Differing structures don't necessarily require more compute to query.

Anyway this is a weird argument. Ideally you get your schema right from the get go no matter the DB, of course things will be easier. But we don't. That's why we have migrations. Also, what's right today, might not be after acquiring Jonny Big Corp.

The whole point of NoSQL is to dump documents into it, of varying structure, and query/index them as-needed.

Some claim the opposite, though. Even in this discussion. That NoSQL is needed when you need to change the schema in a production system.

Anyway, most systems that last more than a couple of years tend to change over time, meaning the schema is likely to need extensions.

Sure, changing the schema is easier in NoSQL. But to do it properly, you still need to really understand how the data is being queried and then change the schema in a controlled "migration". For most people these tasks will be a pain. But NoSQL can really shine in terms of $/query if data is being correctly looked after. It will save you from needing 16 cores in multiple clusters and very expensive bills
That's interesting.

A lot of your suggestions are actually exactly the same for SQL based databases. If your schema is not fit for the task at hand, it can slow it down by an order of magnitude, and the process of changing schema is also similar.

Though, i would think, a properly designed SQL database would need such full schema refactoring less often, since adding a few tables within the same structure is easier.

It sound like you're describing use cases with greater data volumes than I usually use SQL for. (Mostly Data Science use cases, where larger datasets typically end up in Spark, or similar)

My experience is that SQL based systems work best up to a few 100 millions of records in the largest tables (a few billion at most), and with transactions per second is less than about 10000. Around those volumes is where SQL start to get really expensive.

And often SQL is used for use cases where number of records per table of less than 10 million and transactions per second in the low hundreds or lower.

But I'm probably biased in the opposite direction that you are.

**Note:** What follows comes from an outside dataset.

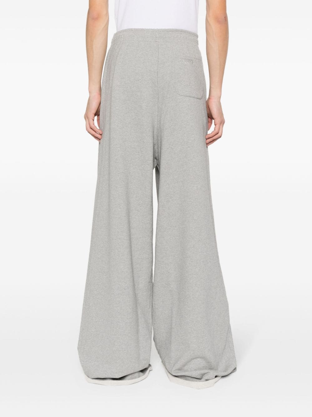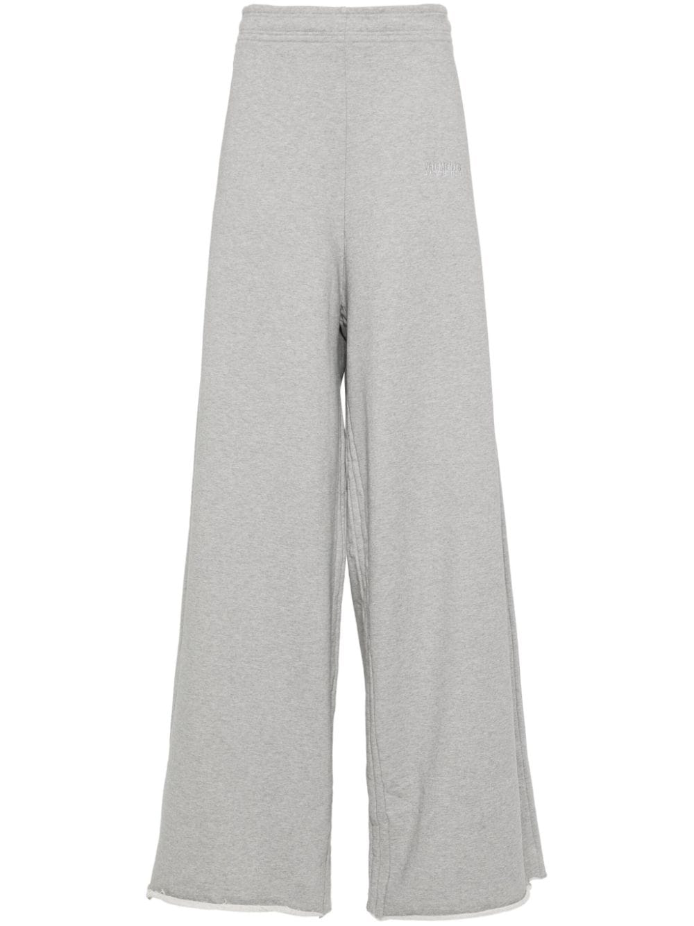 grey mélange effect cotton blend elasticated waistband embroidered logo to the front two side inset pockets rear patch pocket embroidered logo raw-cut hem wide leg unlined internal drawstring fastening waist When buying this unisex item, keep in mind that it is graded in standard men's sizing.

For me, performance usually means efficient joins. Which means that even if I'm leaving RDBMS's behind, I still use SQL where I can (such as in Spark).

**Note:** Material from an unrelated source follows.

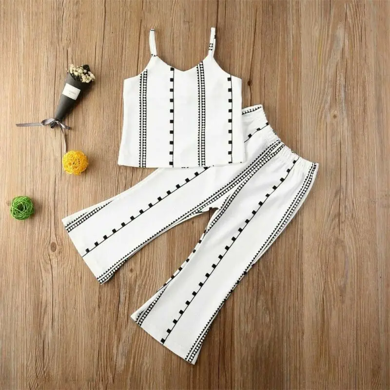 Комплект одежды для девочек из 2 предметов, жилет без рукавов с принтом + длинные брюки-клеш, лето От 1 до 6 лет, одежда для детей и малышей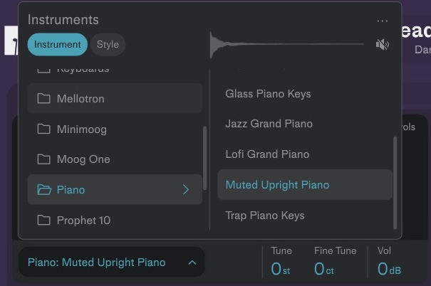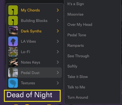 音色、コード進行、パターンが含まれているプリセットで、ジャンルと楽器から選べます。

Efficient joins in NoSQL are done by persisting the relation in a brand new entity. Thus they only make sense when the query is really and constantly needed, not when one is writing up SQL, researching, creating a custom report, etc.

NoSQL DBs take large volumes of data, little CPU, and almost no RAM

SQL DBs take lower volumes of data, loads of CPU and RAM

Storage is cheap, CPU is expensive, hence NoSQL is cheap. Even when your project is not in the 100 of milions records this can be significant because you then are able to offer a cheaper product than the competition's

This is true, it's also very difficult to do in most business situations (getting the schema right from the get go).
It's hard but it's still possible to change it. It's just very important to do it carefully and knowing what the consequences are. I have had to iterate NoSQL schemas several times, and I always prefer do treat their evolution as migrations done out-of-hours
Which seems to imply a static schema, known more-or-less perfectly at the outset, and unchanging thereafter. That is obviously unreasonable. Application data structures change as new requirements arise, and as existing requirements become better understood.
> Which seems to imply a static schema, known more-or-less perfectly at the outset, and unchanging thereafter. That is obviously unreasonable.

Is it? Most of AWS runs on NoSQL databases, and continues to ship new features that do not fit into existing schema. This assertion then is clearly incorrect.